* WORK REQUEST *
From the listing below, output the lines between the one with "sophistication and authenticity." and the one with "В Гааге, Нидерланды, активисты", including those two, and nothing else. Pictures are not copied.

* ENTRIES SUPPLIED *
************
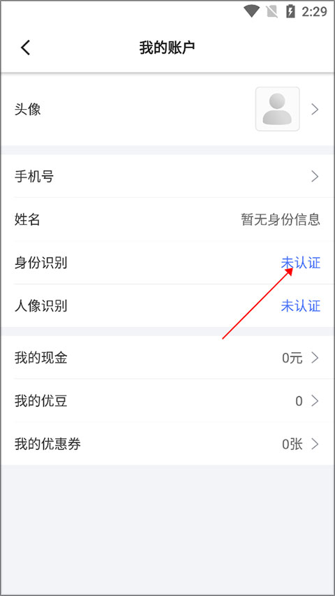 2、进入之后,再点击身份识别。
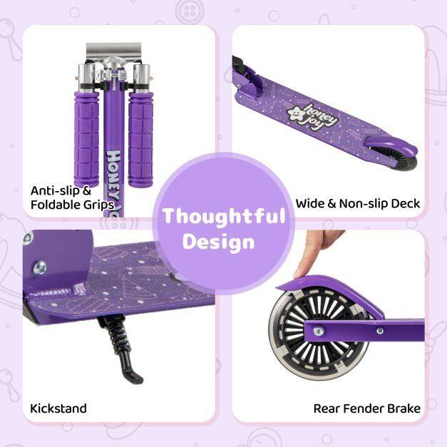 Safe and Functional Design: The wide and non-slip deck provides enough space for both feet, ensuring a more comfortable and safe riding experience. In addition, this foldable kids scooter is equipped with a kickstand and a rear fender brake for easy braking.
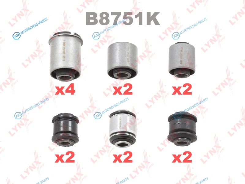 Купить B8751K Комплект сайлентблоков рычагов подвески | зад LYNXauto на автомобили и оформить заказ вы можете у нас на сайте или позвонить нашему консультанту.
************
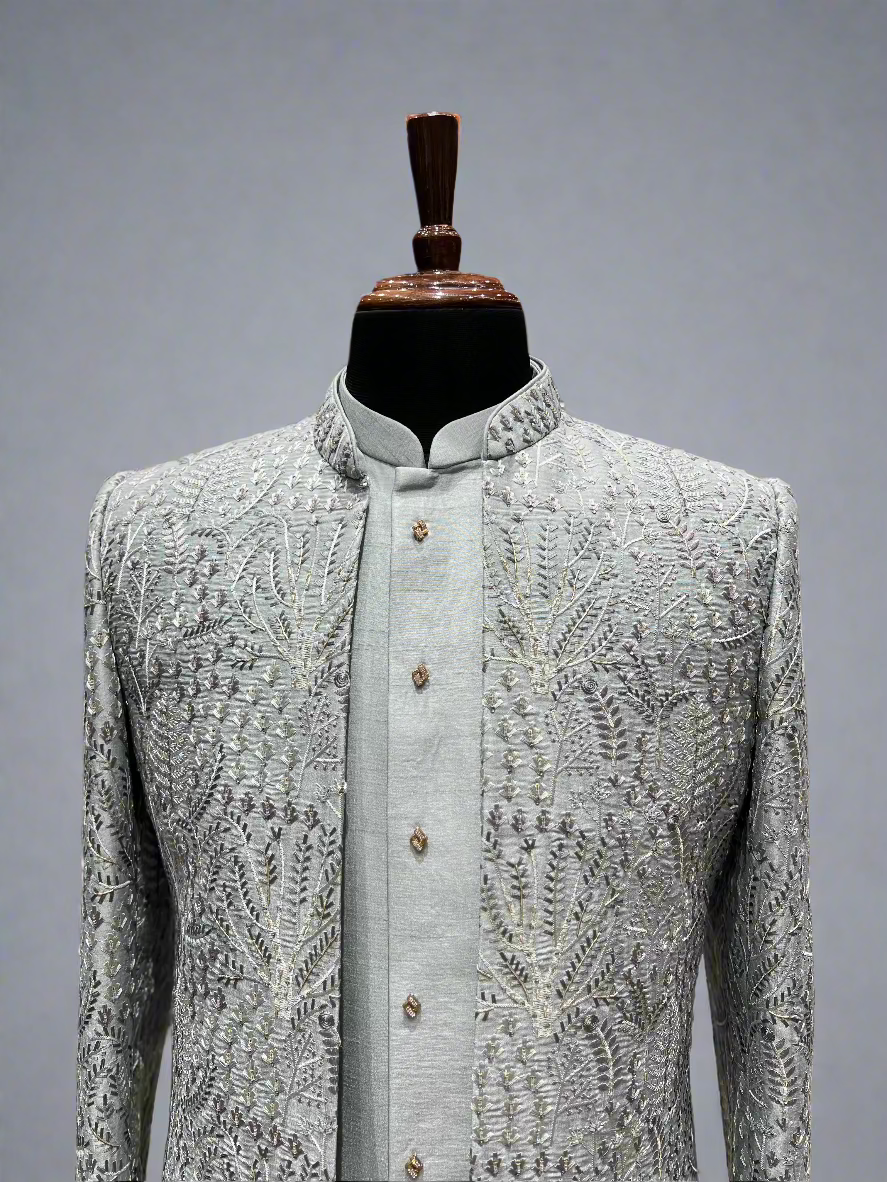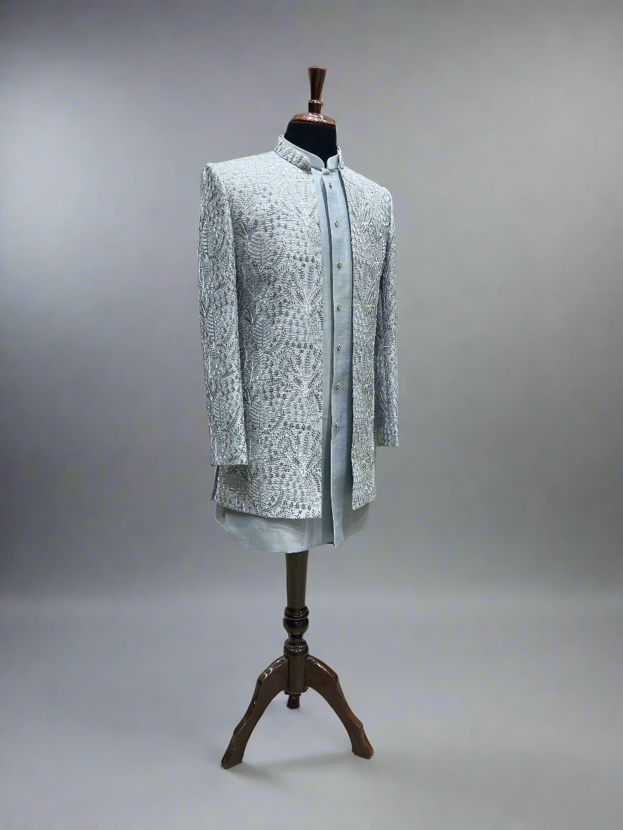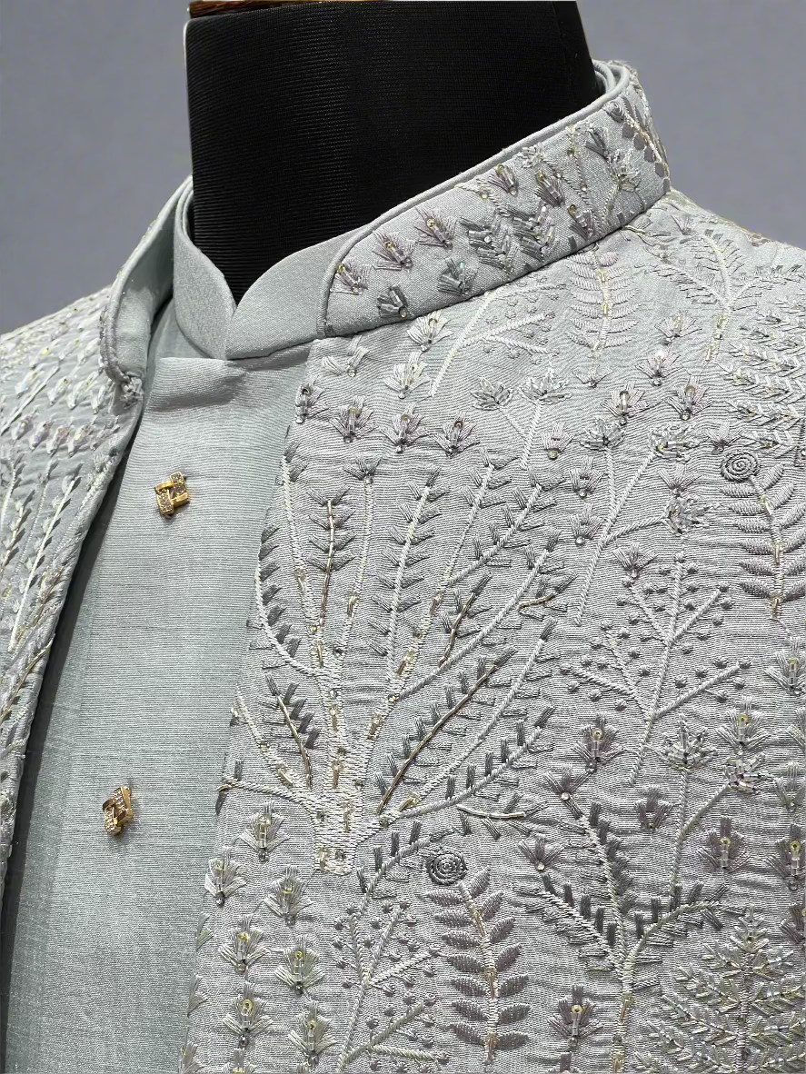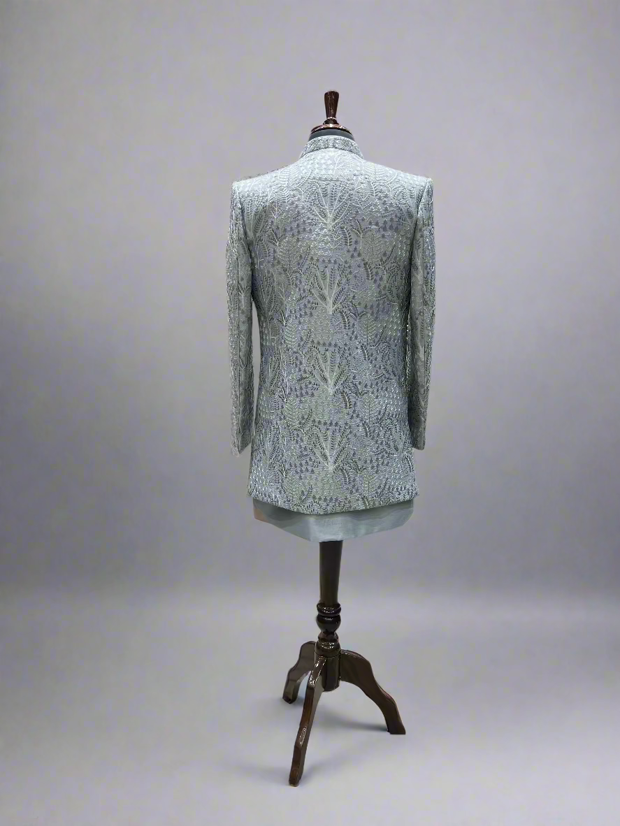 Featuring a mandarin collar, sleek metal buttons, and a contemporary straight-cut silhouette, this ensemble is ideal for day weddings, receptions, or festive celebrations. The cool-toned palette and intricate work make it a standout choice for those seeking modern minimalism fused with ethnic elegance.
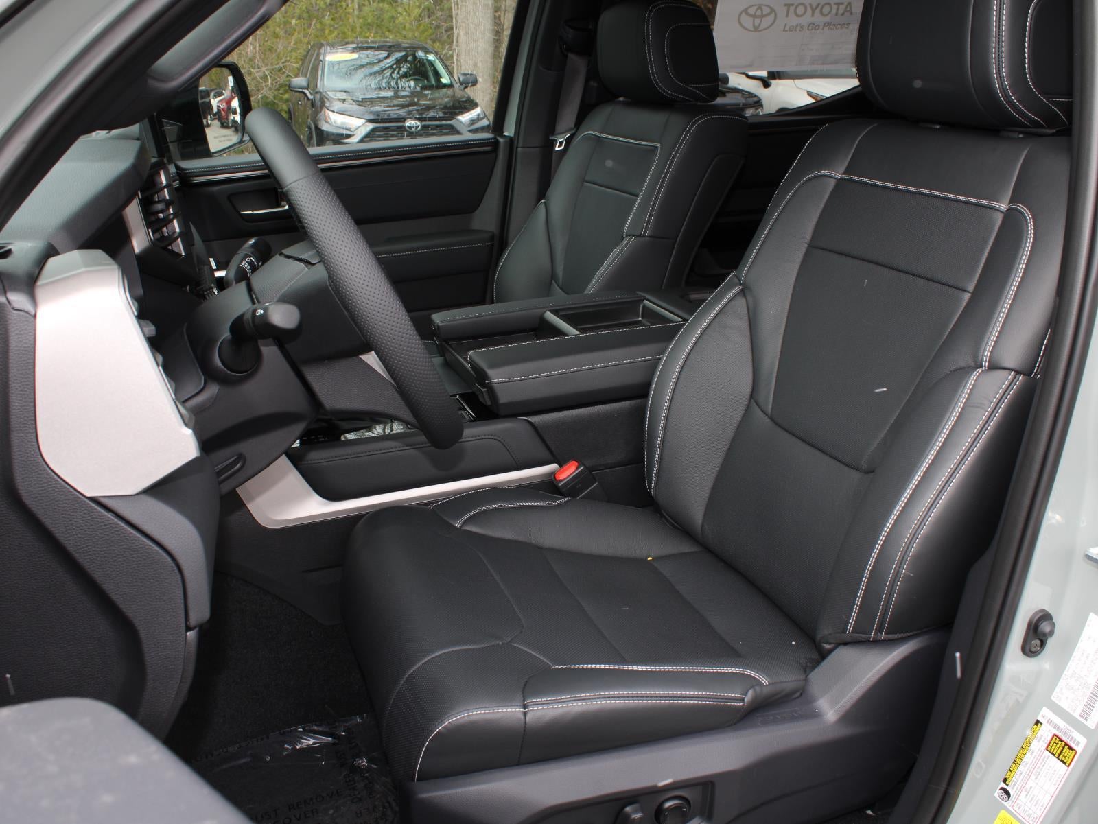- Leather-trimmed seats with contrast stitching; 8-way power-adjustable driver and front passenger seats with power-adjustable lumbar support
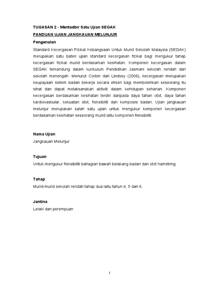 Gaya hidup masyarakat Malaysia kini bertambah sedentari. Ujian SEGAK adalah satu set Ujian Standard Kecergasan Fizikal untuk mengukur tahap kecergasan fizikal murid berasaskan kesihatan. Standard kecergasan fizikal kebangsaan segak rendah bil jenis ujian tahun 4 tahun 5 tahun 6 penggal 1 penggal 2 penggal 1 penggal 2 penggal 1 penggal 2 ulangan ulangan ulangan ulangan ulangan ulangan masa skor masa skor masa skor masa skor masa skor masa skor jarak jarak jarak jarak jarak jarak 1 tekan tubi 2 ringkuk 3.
************
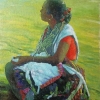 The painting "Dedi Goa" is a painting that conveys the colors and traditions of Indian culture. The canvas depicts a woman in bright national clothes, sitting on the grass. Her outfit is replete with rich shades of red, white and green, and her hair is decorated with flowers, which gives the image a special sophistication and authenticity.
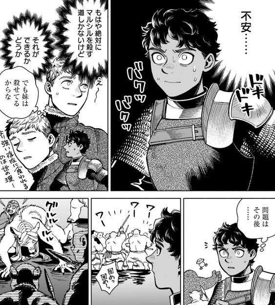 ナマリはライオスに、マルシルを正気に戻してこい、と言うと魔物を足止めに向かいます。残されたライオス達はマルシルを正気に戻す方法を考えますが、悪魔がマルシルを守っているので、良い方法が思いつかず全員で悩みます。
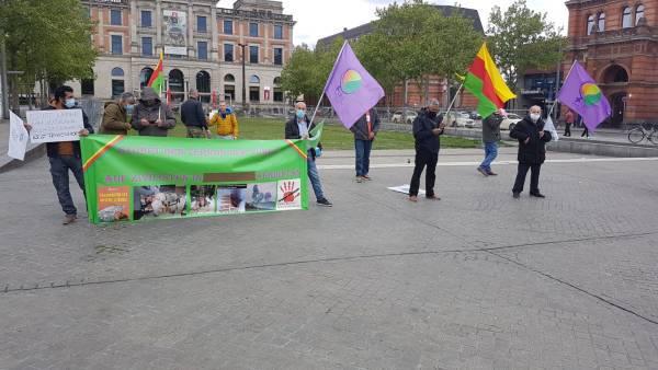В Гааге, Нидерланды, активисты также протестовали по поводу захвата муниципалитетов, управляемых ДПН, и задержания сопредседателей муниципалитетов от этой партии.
************
* REPLY *
 The painting "Dedi Goa" is a painting that conveys the colors and traditions of Indian culture. The canvas depicts a woman in bright national clothes, sitting on the grass. Her outfit is replete with rich shades of red, white and green, and her hair is decorated with flowers, which gives the image a special sophistication and authenticity.
 ナマリはライオスに、マルシルを正気に戻してこい、と言うと魔物を足止めに向かいます。残されたライオス達はマルシルを正気に戻す方法を考えますが、悪魔がマルシルを守っているので、良い方法が思いつかず全員で悩みます。
В Гааге, Нидерланды, активисты также протестовали по поводу захвата муниципалитетов, управляемых ДПН, и задержания сопредседателей муниципалитетов от этой партии.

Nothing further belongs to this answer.